Candy Cane Lane, 2023.
Directed by Reginald Hudlin
Starring Eddie Murphy, Tracee Ellis Ross, Jillian Bell, Genneya Walton, Thaddeus J. Mixson, Madison Thomas, Nick Offerman, Chris Redd, Robin Thede, David Alan Grier, Ken Marino, Anjelah Johnson-Reyes, Timothy Simons, Danielle Pinnock, and Trevante Rhodes.
SYNOPSIS:
A man is determined to win the neighborhood’s annual Christmas decorating contest. He makes a pact with an elf to help him win–and the elf casts a spell that brings the 12 days of Christmas to life, which brings unexpected chaos to town.

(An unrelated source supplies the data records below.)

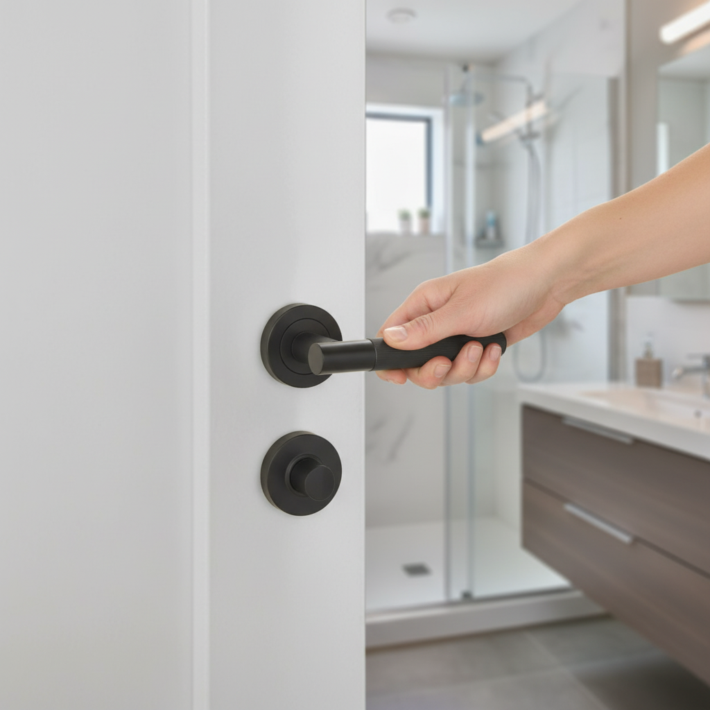 - Matt Black Finish: Offers a bold, modern appearance that enhances bathroom door aesthetics.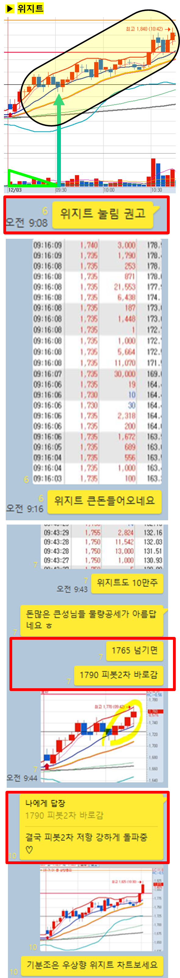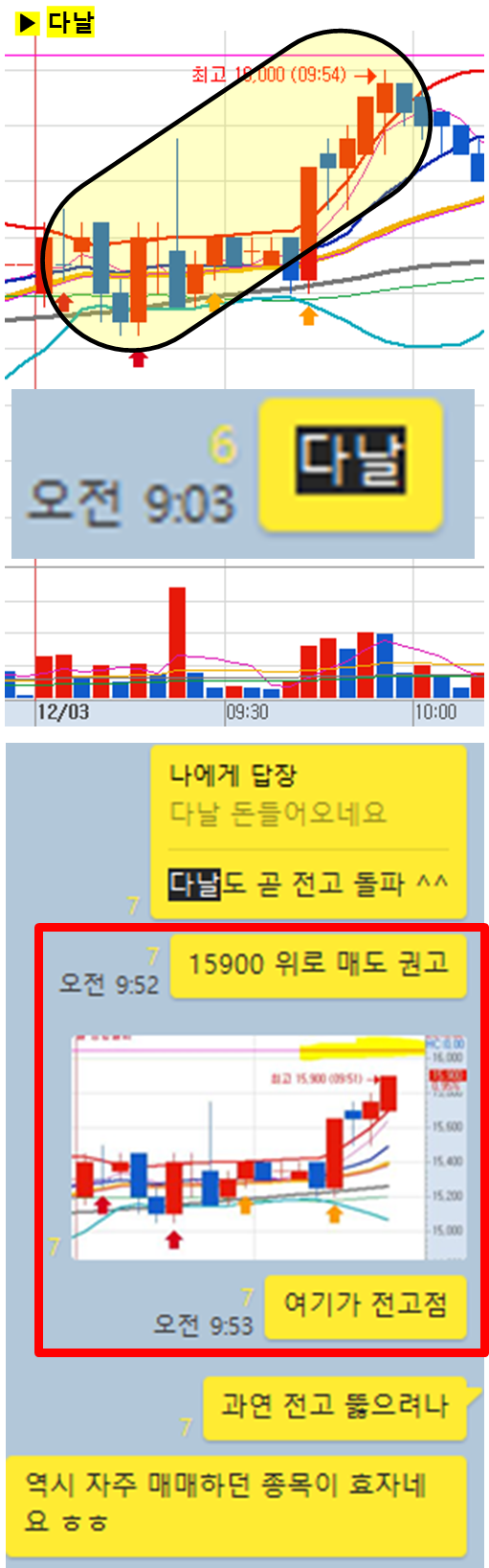 관전 포인트 : 카톡 대화내용 왼쪽에 표기된 언급한 시간을 유심히 보시기 바랍니다. 그 시간이후에 주가가 어떻게 상승하고 있는지 관찰하시면 매매에 도움이 되실 겁니다.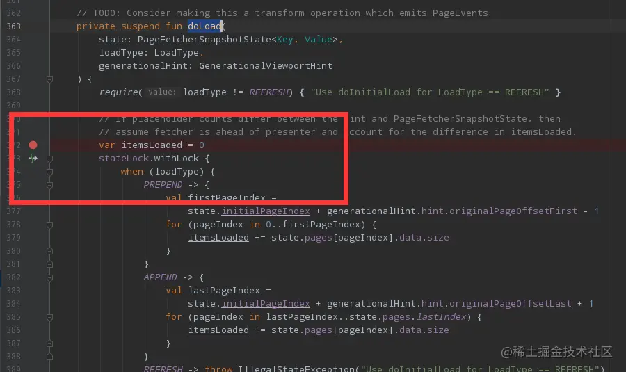 大家看上面动图,我在前后打了两个断点,前面那个断点不能断,后面那个断点可以断下来。真的,看Paging3的源码真的太难了,连普通的debug都成问题。
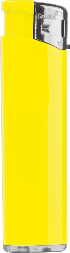 Electronic lighter with infinitely variable flame regulation. The lighter is refillable. Dimensions: 2,2 x 1 x 8,2 cm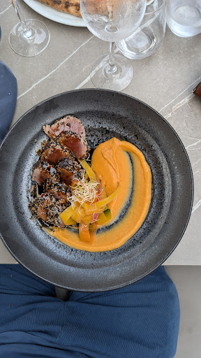 We really enjoyed. We stumbled on it by chance and were welcomed and given lots of help as the waiter spoke good English. I asked for a recommendation and out came a fish splayed with the spine and bones removed. It was beautiful white meat with the belly full of clams mussels and baby occy- also capsicum and eggplant. Complementing this was a cucumber mousse and mushroom risotto. Probably not a dish I would normally order but really glad I did. Went beautifully with some cool Rose. We had experienced other places where they were damn rude and couldn’t give a toss but this one...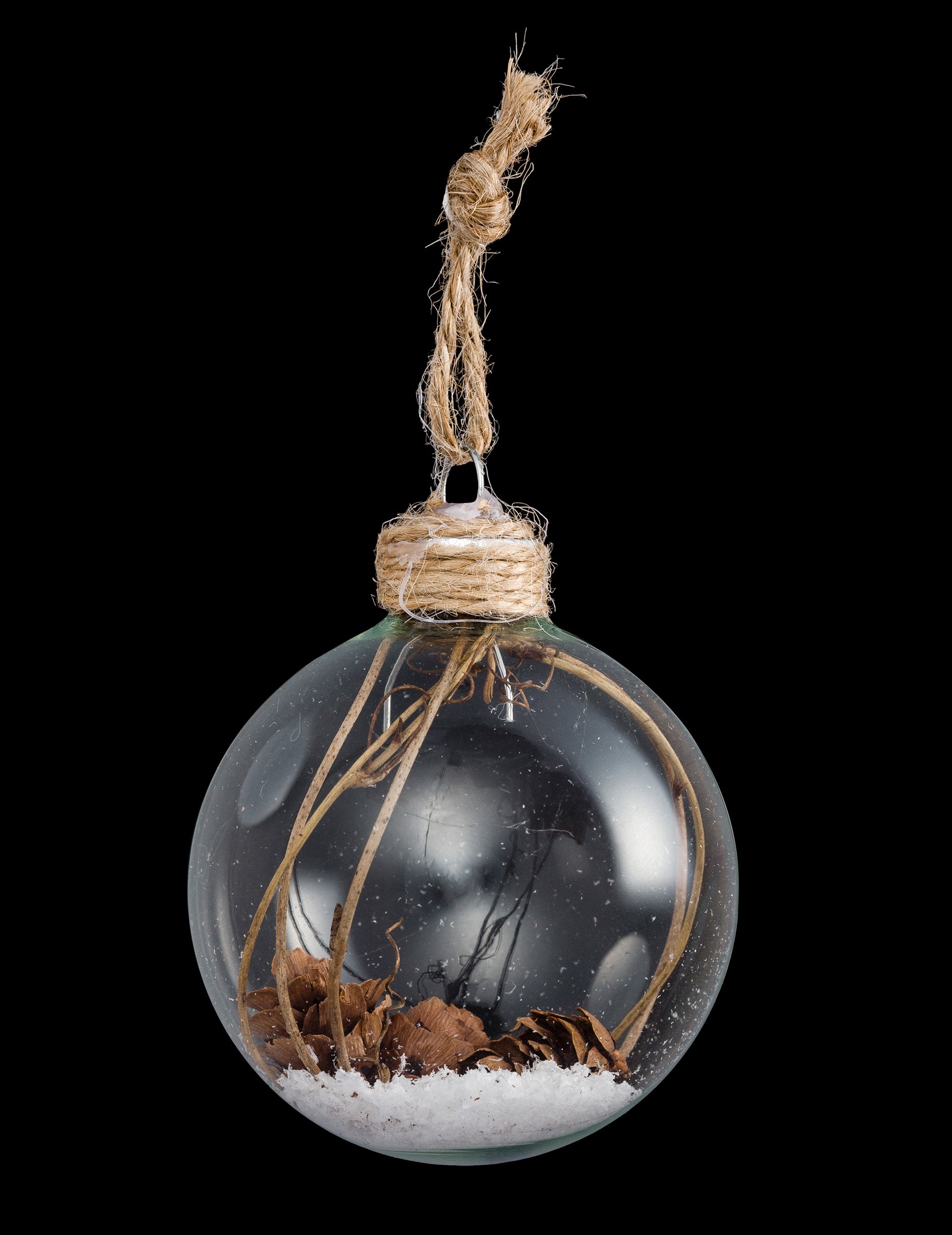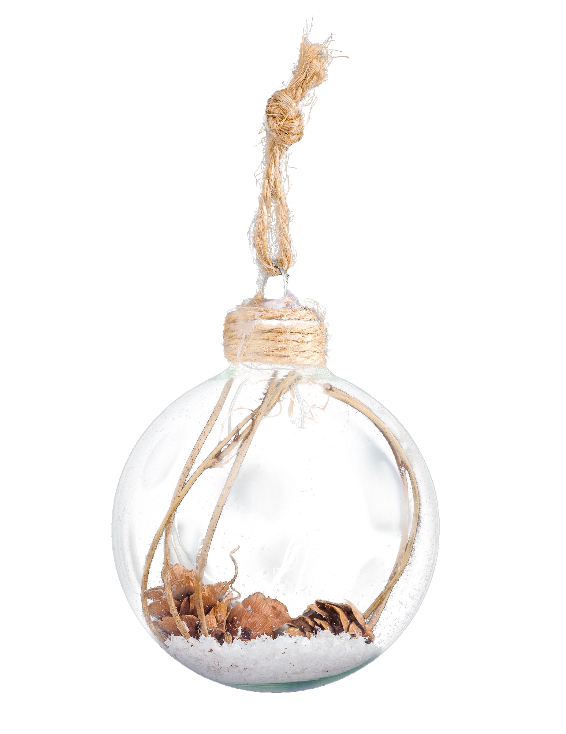 S premerom 6 cm, to žoga Ta prozorna steklena posoda vsebuje pristen zimski prizor. Vsebuje prave borove storže, koščke lesa in umetni sneg za poetični učinek. Zahvaljujoč vrvi, ki jo pritrdite, ta Božična krogla doda rustikalen in organski pridih vašemu jelkaMed prazniki se odločite za toplo in prijazno vzdušje.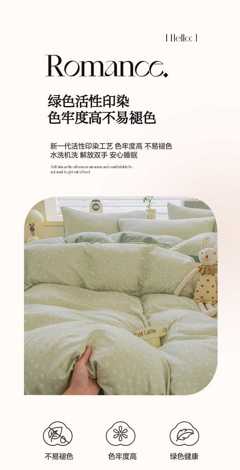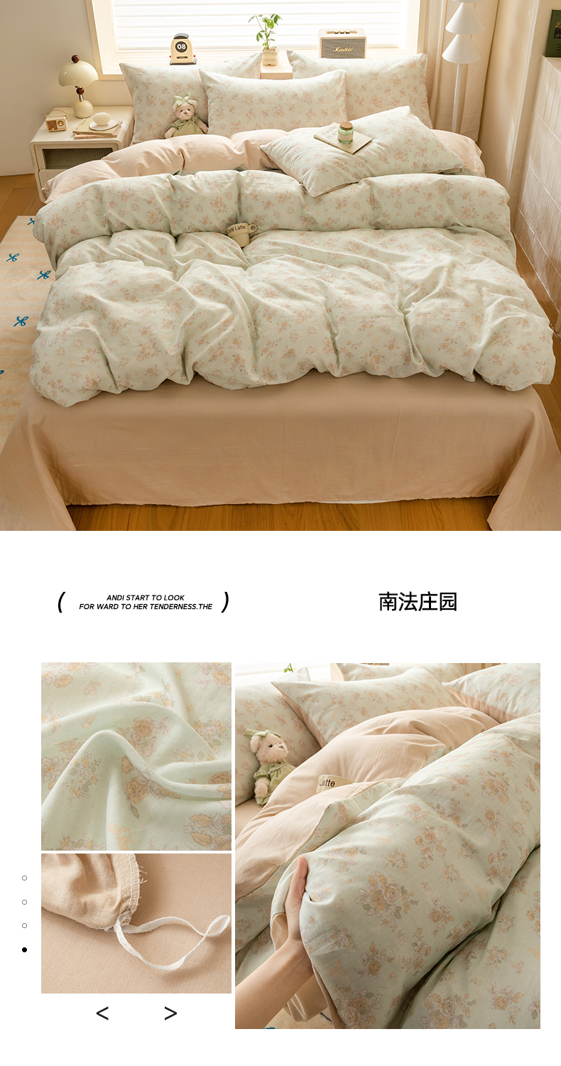 商品名称:雯雨家纺 2026春夏新款A类全棉有氧双层纱印花简约款四件套 秘密花园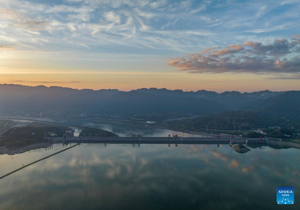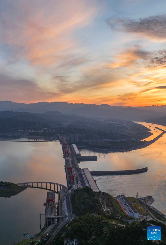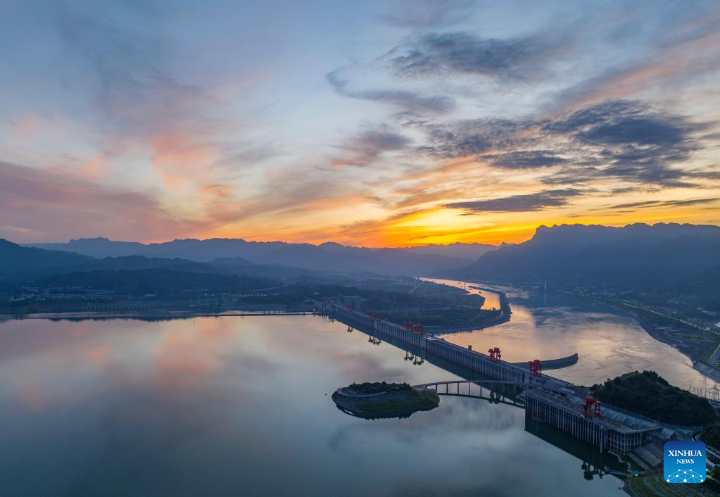 Aerial photo taken on Aug. 9, 2022 shows the Three Gorges Dam at dawn in Zigui County of Yichang, central China's Hubei Province. (Photo by Wang Gang/Xinhua)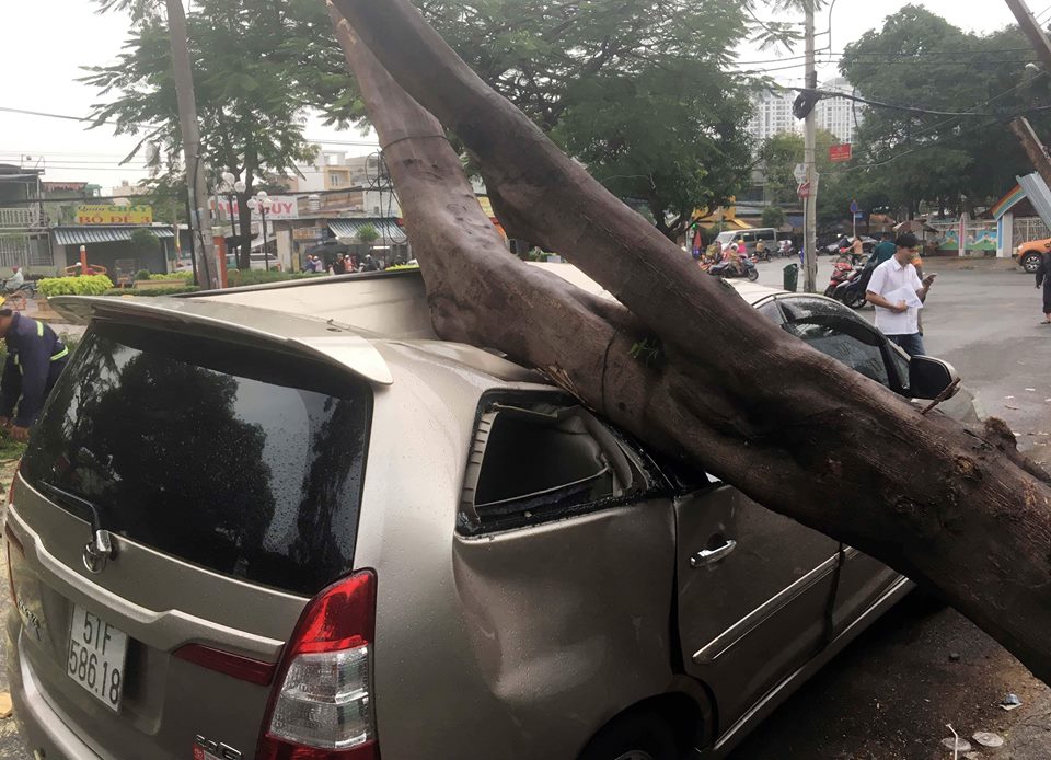 Một xe ô tô đậu trên đường bị cây đổ, đè khiến xe hư hỏng. “Lúc đó tôi đang ngồi trong xe đợi khách thì bỗng cây đổ ầm xuống. Tôi hoảng quá bung cửa xe tháo chạy ra ngoài, nhiều người đi xe máy cũng la hét, tháo chạy trong hoảng sợ”, tài xế xe ô tô kể.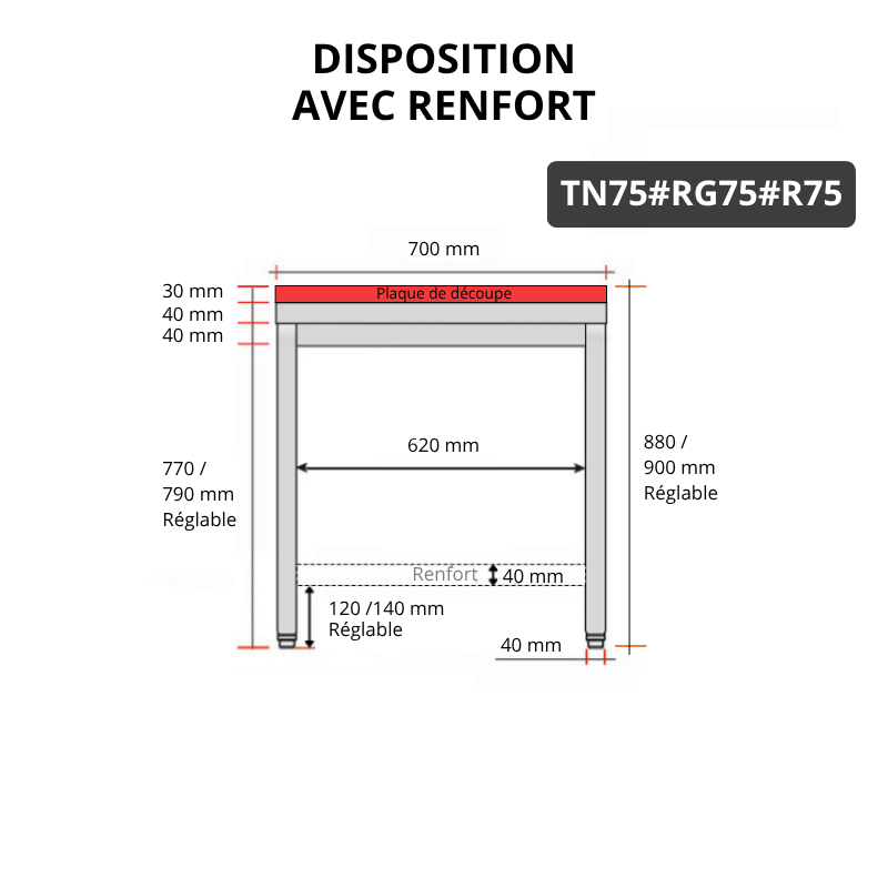 Table de travail en inox 700x500 mm avec plaque de découpe rouge et renfort PREMIUM - GOLDINOX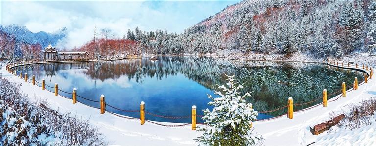 眺望遠(yuǎn)方,潔白的冰雪與擂鼓山遙相輝映,雪花盡飛處,仿佛細(xì)碎的春天早已鋪滿了原野。燕子湖的豐盈昭示著來年的風(fēng)調(diào)雨順,羊頭圖騰穿越千年的風(fēng)景,搖曳著鳳凰騰飛的美夢(mèng)。一個(gè)個(gè)湖畔,色彩暖暖的羌式小屋,靜靜地享受著冬日的安寧與愜意。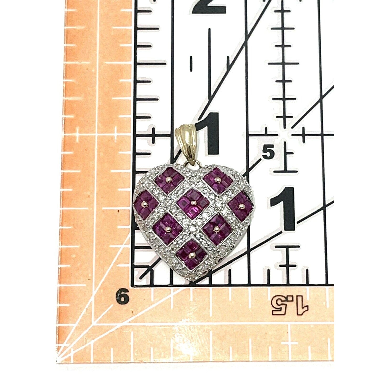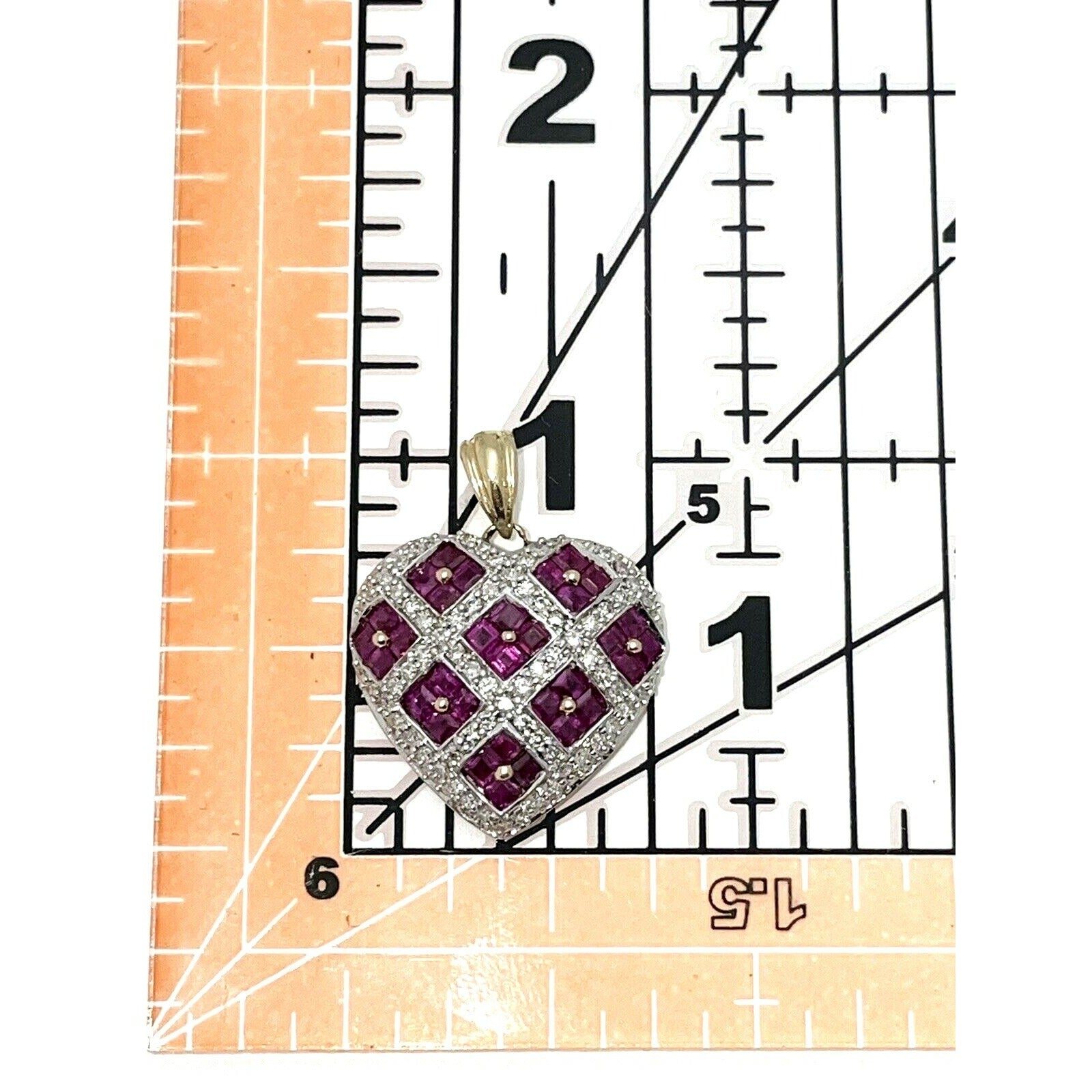 1ctw Red Topaz & Diamond Heart Pendant Real Solid 14K Yellow Gold 4.1g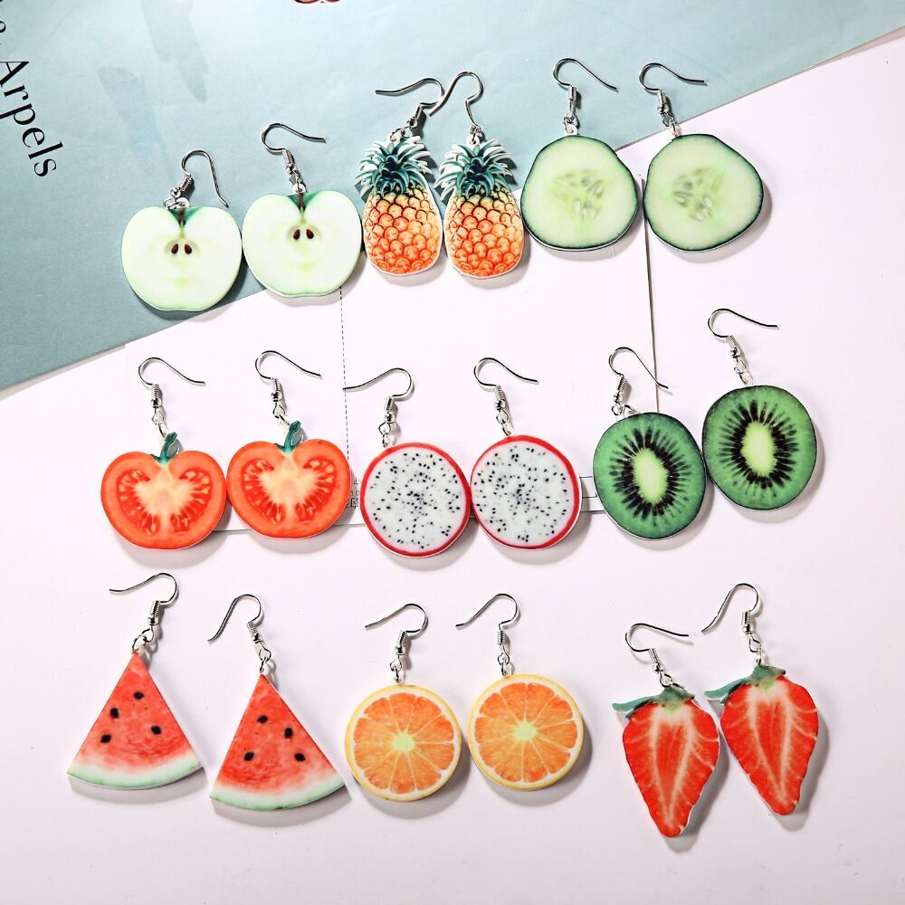 送料無料 RINHOOアクリルフルーツピアスレディースストロベリーパイナップルトマトキウイオレンジキュウリドラゴンアップルパイナップルジュエリーピアス イヤリング リング 指輪 アクセサリー AE1332221648814720175

Eddie Murphy is back in family-friendly default Dr. Dolittle mode for this fantastical seasonal tale about learning the true value of Christmas, which from the outside feels like a gift you’ve received a thousand times before, but peel away the paper and Candy Cane Lane reveals itself to be quite the enjoyable surprise.
Proceedings get underway as though this is going to be one of those National Lampoon knockoffs, or even worse, Christmas with the Kranks, with well-to-do families squabbling over whose decorations are going to be the best on their affluent suburban street.
It’s a competition heightened when the local cable channel inexplicably offers $100,000 to the winner, which becomes even more appealing when Murphy’s Wonderful Life takes a turn for the George Baileys’ and he loses his job. It’s then that he comes across Pepper the Elf’s Christmas Emporium, where he signs a Faustian pact to help him win the contest.
However, his desire for a superficial short-term gain comes with consequences, and before you can say Jumanji his family start being plagued by CGI creations from the 12 Days of Christmas. So he wakes to seven swans a-swimming in his pool, is told he must collect five gold rings, and his wife’s big day at work is wrecked by three French hens, and so on and so forth.
As you can tell from the multiple references, Candy Cane Lane isn’t a wholly original film, in fact many of the stronger elements have been re-gifted from similar family fare. The stop-motion toy-town characters who dish out exposition feel like something straight out of Night of the Museum, the brilliant Jillian Bell’s nefarious elf has a little of the Scrooged about her, and the entire movie feels like a seasonal spin-off from the aforementioned Robin Williams/Dwayne Johnson board-game blockbuster franchise.
What makes this work are the wonderful cast; Murphy is dialled back, but with his comic timing as fine-tuned as it always was, coupled with that same family man routine honed from Dolittle, Daddy Day Care, and Imagine That, he remains as watchable as ever. Tracee Ellis Ross (black-ish) is equally good as his wife, grounding the sillier elements of the film, of which there are many, with the movie’s best one-liners.
The family dynamic is so charming that by the time the saccharine elements kick in at the end, and despite any preconceptions you had about the film, or the uneven chaos that unfolds, you’ve completely bought into the seen-it-all-before message.
Candy Cane Lane is nowhere near five gold rings, more like a solid three french hens, which is largely due to Eddie Murphy’s ability to deliver the laughs, along with the unwieldly weirdness and childlike craziness of it all.